Controllori e controllati
L’Italia è un paese liberale?
Ci sono due termini che in una democrazia sono antitetici: trasparenza ed emergenza.
Antitetici perché quando la trasparenza è la regola l’emergenza non può che segnalare delle crepe del sistema democratico, è insomma il sintomo di un malessere.
La trasparenza quindi è l’ambito della normalità democratica e quindi dell’azione politica, dei rapporti collettivi, da non confondere mai con il controllo dell’individuo, della libertà e della privacy, fondamenti sacri della libertà democratica. Il sistema di controllo deve semmai essere la regola per la politica. O meglio dovrebbe essere… perché nei fatti oggi non è così.

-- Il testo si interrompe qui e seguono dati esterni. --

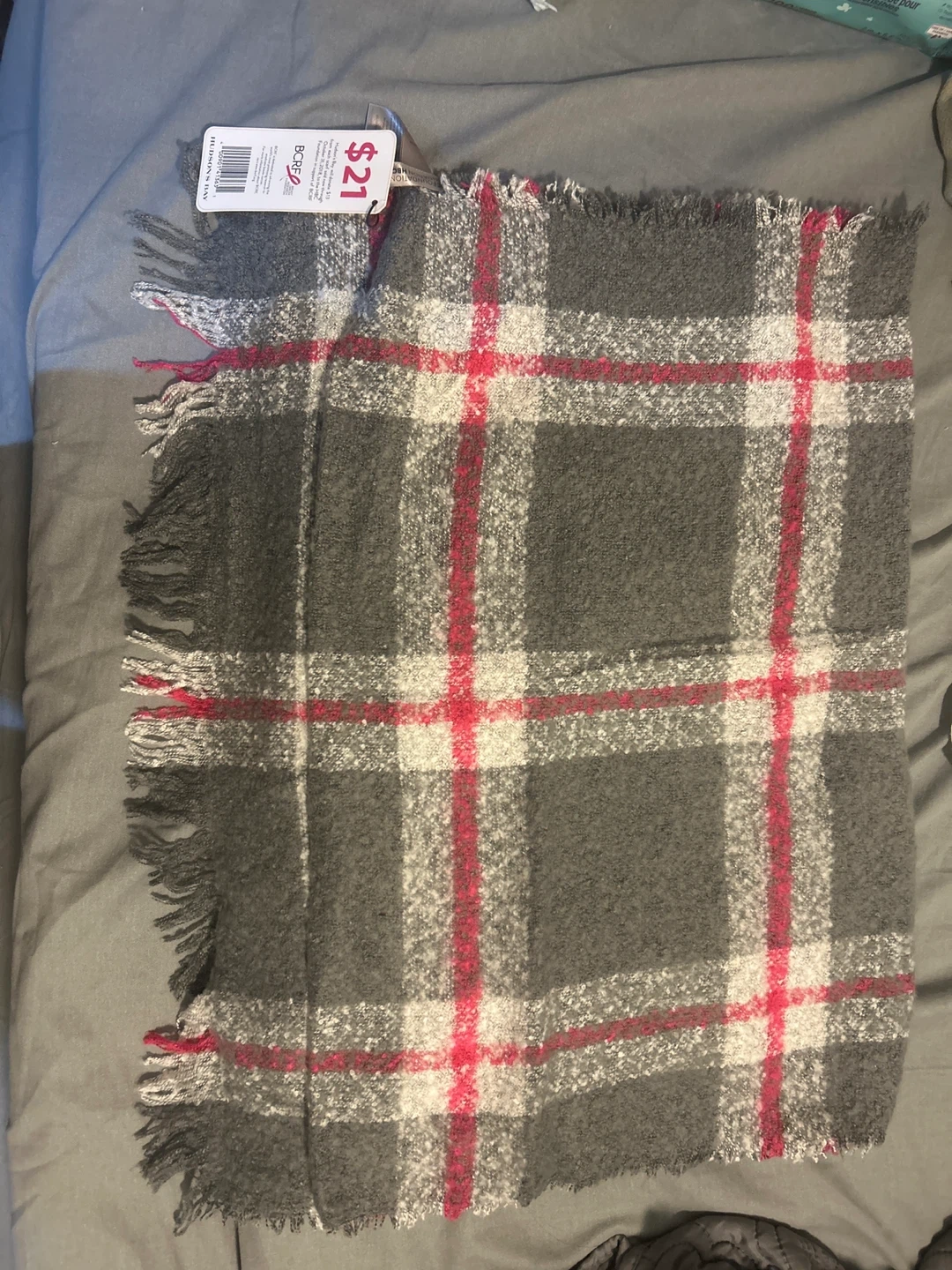 139Selling a BCRE scarf in excellent condition! It features a stylish gray plaid pattern with red and white accents. The scarf has a fringed edge and was originally bought for $21.
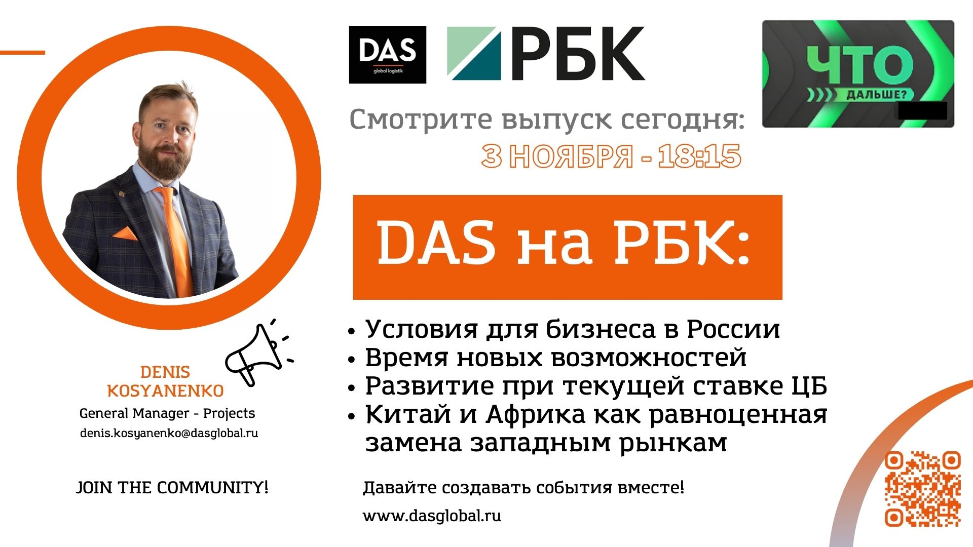СЕГОДНЯ, 3 ноября в 18:15, в программе РБК «Что дальше?» выступит эксперт в области логистики Денис Косьяненко, руководитель международного отдела по развитию бизнеса DAS GLOBAL LOGISTIK и ответит на важные вопросы актуальных тем в логистике и в мире: 1. Условия для бизнеса в России, 2. Время новых возможностей, 3. Развитие при текущей ставке ЦБ, 4. Китай и Африка как равноценная замена западным рынкам

La politica non può controllare se stessa, così come non può farlo la Pubblica Amministrazione, invece oggi non c’è nessuno, nonostante le prediche televisive, né negli uffici centrali e periferici del Governo né negli Enti Locali, nell’economia che dia attuazione a questo principio che pure nel nostro ordinamento esiste, almeno sulla carta.
Anzi da almeno dieci anni accade proprio il contrario, gestione e controllo sono sempre più accentrati se non nella forma nella sostanza.
La figura del "Commissario" spesso definito retoricamente "straordinario" (è ovvio che sia straordinario visto che sostituisce la normale amministrazione!) lungi dal sanare le questioni di fondo del normale funzionamento degli organismi democraticamente eletti o dal risolvere questioni importanti (acqua, rifiuti, ecc.) che rientrano nelle competenze dell’amministrazione democraticamente eletta, si sostituisce ad essi per periodi così lunghi da configurare un vero e proprio sistema autoritario. Questo dovrebbe scandalizzare invece, a causa di una delegittimazione della politica, è spesso accettato e visto come un fatto positivo. Nell’incapacità della politica di dare risposte ai problemi della gente questa invoca il Demiurgo, lo Stato-Padrone, tutto quello che è normalmente il contrario della gestione democratica, trasparente e partecipata della cosa pubblica!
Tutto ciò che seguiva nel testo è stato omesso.